[tahoe-dev] Bringing Tahoe ideas to HTTP

Mon Oct 5 05:47:56 UTC 2009

(If you missed the start of this thread, look here:
http://allmydata.org/pipermail/tahoe-dev/2009-August/002724.html and
http://allmydata.org/pipermail/tahoe-dev/2009-September/002804.html)

After a chat with Tyler Close, a few more ideas came to mind. He pointed
out that a stubborn problem with web applications these days is that the
HTTP browser caches are not doing as much good as developers expect.
Despite frequently-used things like "jquery.js" being cacheable, a
substantial portion of clients are showing up to the server
empty-handed, and must re-download the library on pretty much every
visit. One theory is that the browser caches are too small, and pretty
much everything is marked as being cacheable, so it's just simple
cache-thrashing. There's no way for the server to say "I'll be telling
you to load jquery.js a lot, so prioritize it above everything else, and
keep it in cache as long as you can".

And, despite hundreds of sites all using the exact same copy of
jquery.js, there's no way to share those cached copies, increasing the
cache pressure even more. Google is encouraging all web developers to
pull jquery.js from a google.com server, to reduce the pressure, but of
course that puts you at their mercy from a security point of view: they
(plus everyone else that can meddle with your bits on the wire) can
inject arbitrary code into that copy of jquery.js, and compromise
millions of secure pages.

So the first idea is that the earlier "#hash=XYZ" URL annotation could
be considered as a performance-improving feature. Basically the
browser's cache would have an additional index using the "XYZ" secure
hash (and *not* the hostname or full URL) as the key. Any fetch that
occurs with this same XYZ annotation could be served from the local
cache, without touching the network. As long as the previously-described
rules were followed (downloads of a #hash=XYZ URL are validated against
the hash, and rejected on mismatch), then the cache could only be
populated with validated files, and this would be a safe way to share
common files between sites.

The second idea involves some of the capability-security work,
specifically Mark Miller's "Caja" group which has developed a secure
subset of JavaScript. Part of the capability world's efforts are to talk
about different properties that a given object has, as determined by
mechanical auditing of the code that implements that object. One of
these properties is called "DeepFrozen", which basically means that the
object has no mutable state and has no access to mutable state. If Alice
and Bob (who are both bits of code, in this example) share access to a
DeepFrozen object, there's no way for one of them to affect the other
through that object: they might as well have two identical independent
copies of the same object. The common "memoization" technique depends
upon the function being optimized to be DeepFrozen, to make sure that it
will always produce the same output for any given input.
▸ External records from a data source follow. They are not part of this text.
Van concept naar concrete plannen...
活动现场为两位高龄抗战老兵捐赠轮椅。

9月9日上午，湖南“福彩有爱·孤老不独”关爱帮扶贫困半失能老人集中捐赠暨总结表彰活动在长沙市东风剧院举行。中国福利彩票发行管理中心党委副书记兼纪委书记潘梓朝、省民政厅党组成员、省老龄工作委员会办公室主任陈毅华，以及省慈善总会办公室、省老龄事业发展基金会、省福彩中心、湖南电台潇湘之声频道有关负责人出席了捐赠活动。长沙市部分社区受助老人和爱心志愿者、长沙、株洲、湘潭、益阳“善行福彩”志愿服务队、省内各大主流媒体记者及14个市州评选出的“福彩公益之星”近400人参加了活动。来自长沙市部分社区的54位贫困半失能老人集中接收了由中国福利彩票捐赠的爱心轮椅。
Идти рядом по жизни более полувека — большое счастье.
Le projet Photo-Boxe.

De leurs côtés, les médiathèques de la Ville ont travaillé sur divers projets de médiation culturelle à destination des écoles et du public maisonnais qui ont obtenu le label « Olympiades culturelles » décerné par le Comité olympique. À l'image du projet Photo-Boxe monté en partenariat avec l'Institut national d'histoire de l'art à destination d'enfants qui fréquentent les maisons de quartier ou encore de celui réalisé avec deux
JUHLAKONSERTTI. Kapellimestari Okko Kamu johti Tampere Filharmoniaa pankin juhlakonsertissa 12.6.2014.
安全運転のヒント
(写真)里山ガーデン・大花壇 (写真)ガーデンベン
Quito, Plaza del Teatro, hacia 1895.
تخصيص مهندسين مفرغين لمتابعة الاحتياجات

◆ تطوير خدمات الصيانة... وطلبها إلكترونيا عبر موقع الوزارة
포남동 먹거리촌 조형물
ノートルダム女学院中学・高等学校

(note that this doesn't mean that the object can't create, say, a
mutable array and manipulate it while the function runs.. it just means
that it can't retain that array from one invocation to the next)
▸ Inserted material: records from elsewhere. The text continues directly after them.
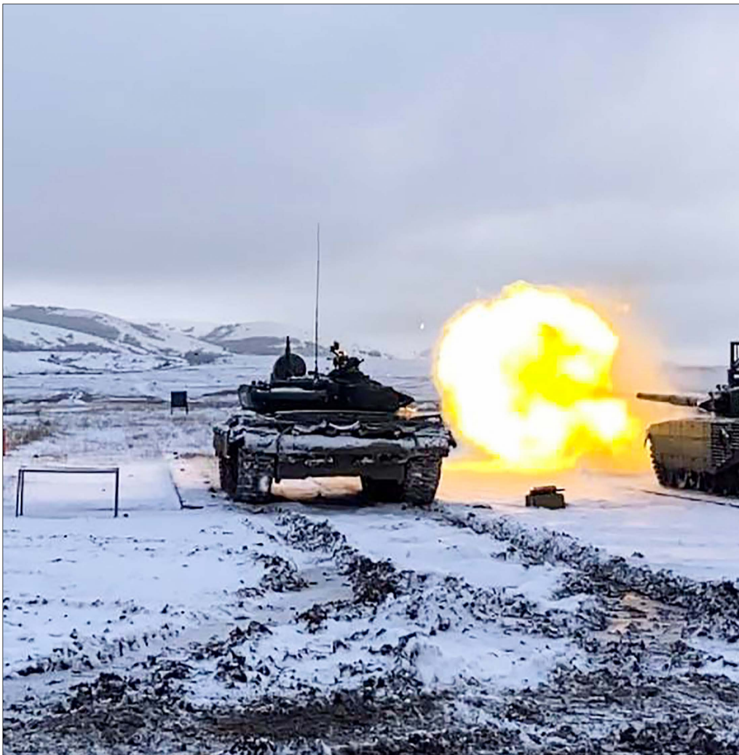
Отдельный танковый батальон береговой охраны – на страже Родины.
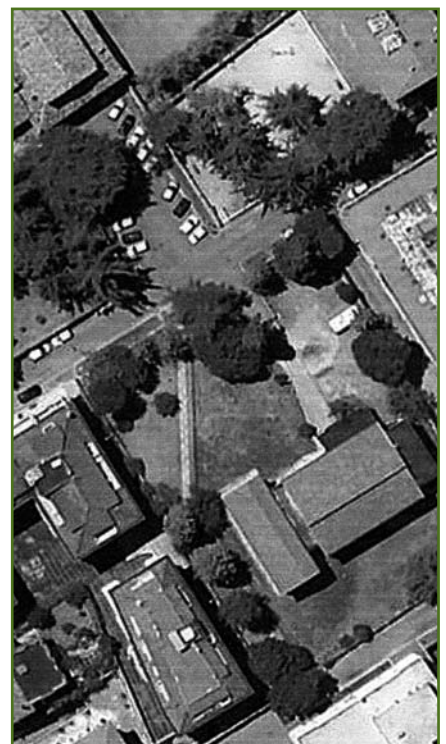
La Scuola di Porta Cappuccina, sede dell'UTEAP, in due immagini riprese dal satellite.

In conclusione si ritiene che anche quest'anno il Corso di Umanistica dell'UTEAP possa conseguire quel successo, soprattutto qualitativo, che peraltro non è mai mancato.
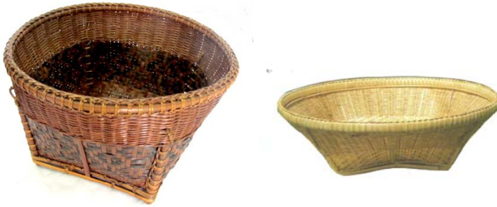
ภาพประกอบ ๓ กระบุงลายขีดและกระบุงครึ่งท่อน ของชาวลาวแก้วบ้านหนองเมือง
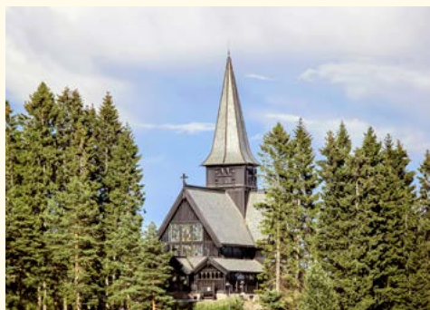
Kapelle auf dem Holmenkollen
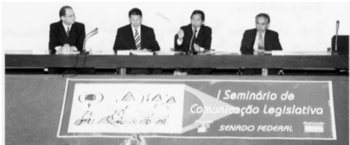
Diretores do Senado participam da abertura do seminário, que tem como objetivo a troca de informações

previsão dos trabalhos do Senado e a atualização do Diário do Senado Federal, outra importante fonte de informação da Casa.
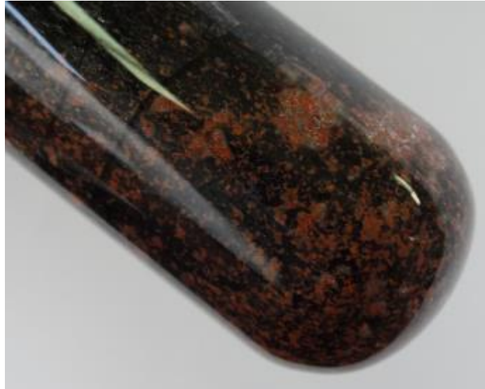
Abb. 1 – Elementares Kupfer.

Deutung: Bei der Reaktion von Magnesiumpulver mit Kupferoxid entstehen elementarer Kupfer und Magnesiumoxid. Das unedlere Magnesium wird dabei zu Magnesiumoxid oxidiert, während das Kupferoxid zu Kupfer reduziert wird.
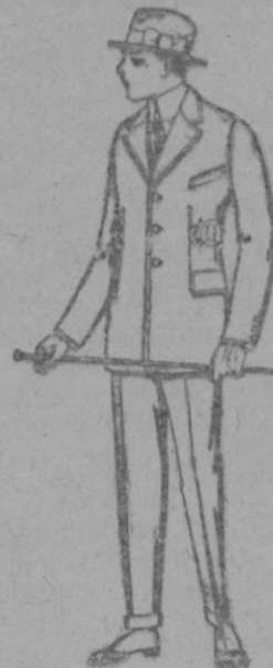
Trajes de patén, vicuña o jerga, etc., forma Sport, para niños de 10 a 12 años de ptas. 45 a 83 Los mismos, para jovencitos de 13 a 16 años de ptas. 48 a 85

So the second idea is that, if your #hash=XYZ-validated jquery.js
library can be proven to be DeepFrozen (say, by passing it through the
Caja verifier with a flag that says "only accept DeepFrozen classes" or
something), then not only can you cache the javascript source code, but
you can also cache the parse tree, saving you the time and memory needed
to re-parse and evaluate the same source code on every single page load.
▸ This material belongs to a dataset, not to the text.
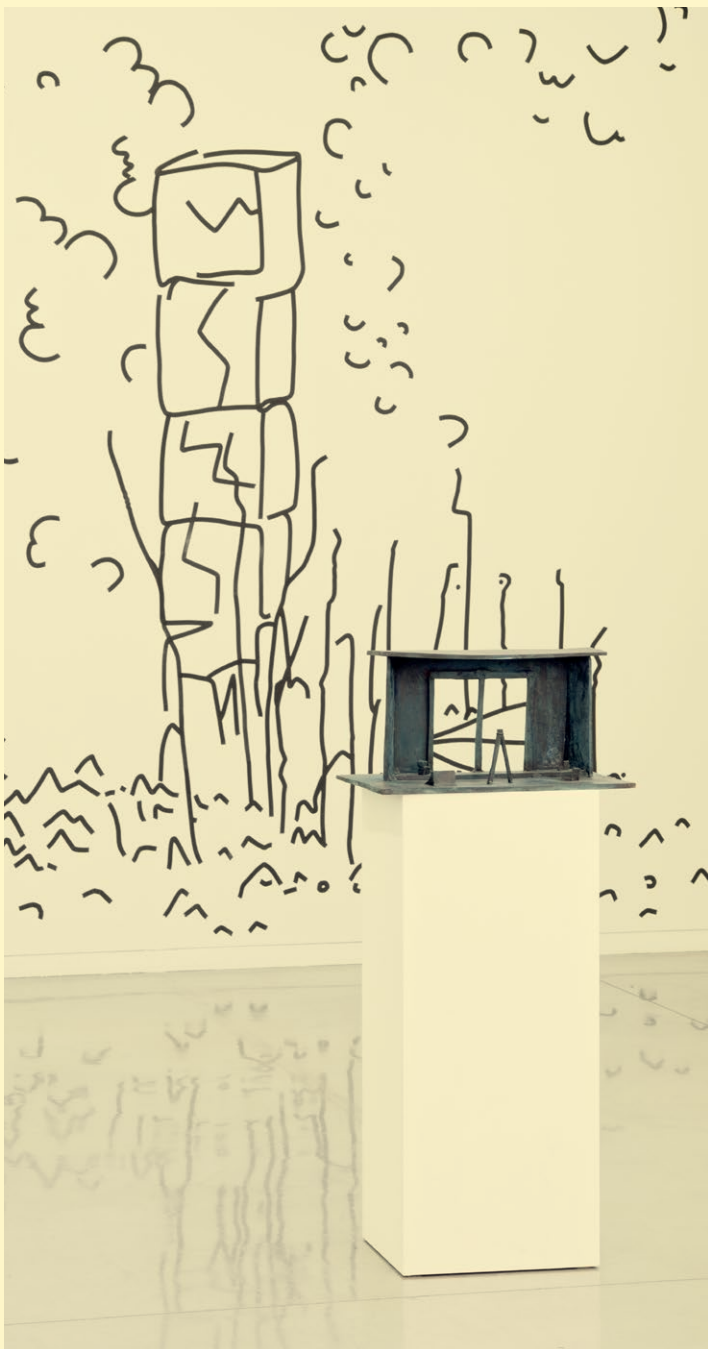
Vue de l'exposition ALLONS.

(incidentally, it is quite likely that jquery.js would pass a DeepFrozen
auditor, or could be made to do so fairly easily: anything that's
written in a functional style will avoid using much mutable state)

This requires both the DeepFrozen property (which makes it safe to share
the parsed data structure) and the #hash=XYZ validation (which insures
that the data structure was really generated from the right JS source
code).

I know that one of the Caja goals is to eventually get the verifier
functionality into the browser, since that's where it can do the most
good. If that happened, then the performance improvements to be had by
writing verifiable code and using strong URL references could be used as
a carrot to draw developers into using these new techniques.

thoughts?

cheers,
 -Brian